> **YOUR GOAL**:
Word for word, copy all the data and drop the pictures.

> **MATERIAL FOR THIS TASK**:
──────

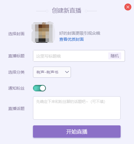 在弹出的创建直播窗口中,设置直播内容封面,编辑好直播间标题和分类,确定完语音直播的话题后,就可以点击“开始直播”键,正式进入语音直播界面了。
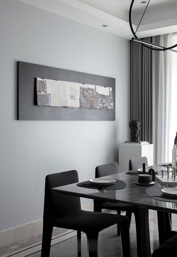 ▲灰色的墙面基础,挂上一幅黑白色的横幅挂画,在整个餐厅的家具与饰品布置上,都是以黑白配的色调设计,让空间显得时尚高级。
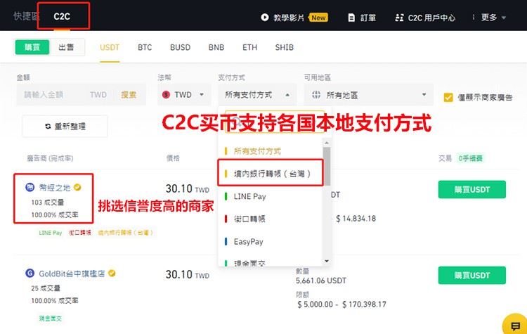 登录币安,选择买币-自选区;首先选择支付方式和商家(卖家),支付方式可以是银行转账、LINE Pay或者街口转账。商家建议选择成交量和成交率高的卖主比较安全。
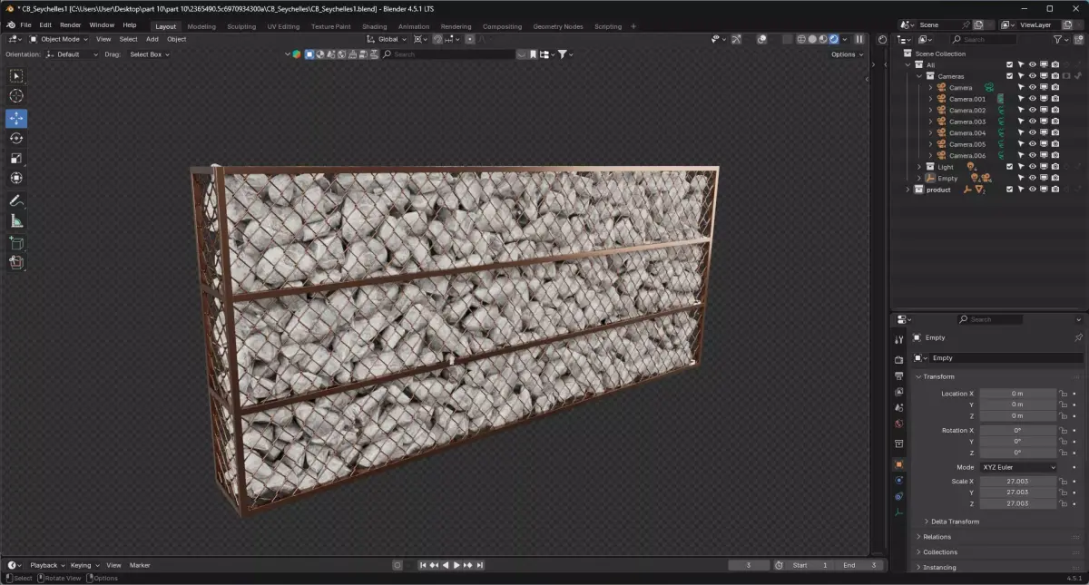 High-quality 3D model of cage rock stone featuring furniture item called cage rock stone for intorior or extorior decoration. The download includes the native Blender file with full material and lighting setup, as well as OBJ and FBX exports for compatibility with other software. Both high-poly and optimized low-poly meshes are provided, along with pbr textures (Color, Normal, Roughness, Displacement, and Subsurface Scattering). All assets are UV-mapped and ready for use in rendering, animation, or real-time projects.
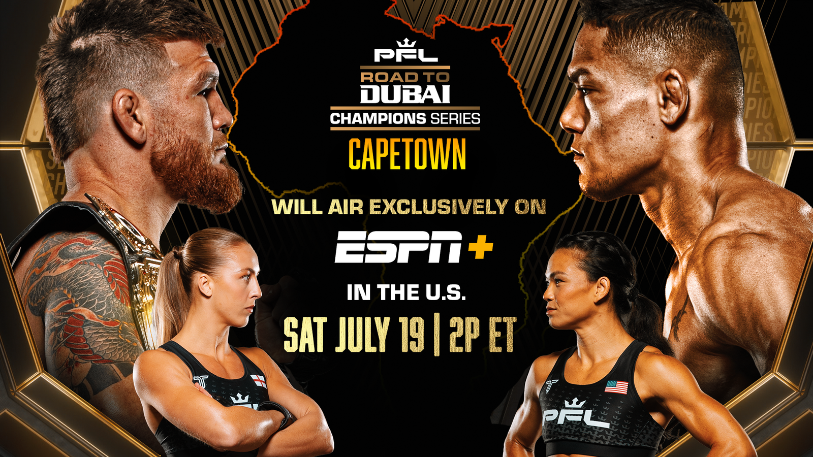 ESPN+ – PFL Champions Series Road to Dubai: Cape Town Saturday, July 19 | 2:00 PM EST

──────

> **SOLUTION**:
 在弹出的创建直播窗口中,设置直播内容封面,编辑好直播间标题和分类,确定完语音直播的话题后,就可以点击“开始直播”键,正式进入语音直播界面了。
 ▲灰色的墙面基础,挂上一幅黑白色的横幅挂画,在整个餐厅的家具与饰品布置上,都是以黑白配的色调设计,让空间显得时尚高级。
 登录币安,选择买币-自选区;首先选择支付方式和商家(卖家),支付方式可以是银行转账、LINE Pay或者街口转账。商家建议选择成交量和成交率高的卖主比较安全。
 High-quality 3D model of cage rock stone featuring furniture item called cage rock stone for intorior or extorior decoration. The download includes the native Blender file with full material and lighting setup, as well as OBJ and FBX exports for compatibility with other software. Both high-poly and optimized low-poly meshes are provided, along with pbr textures (Color, Normal, Roughness, Displacement, and Subsurface Scattering). All assets are UV-mapped and ready for use in rendering, animation, or real-time projects.
 ESPN+ – PFL Champions Series Road to Dubai: Cape Town Saturday, July 19 | 2:00 PM EST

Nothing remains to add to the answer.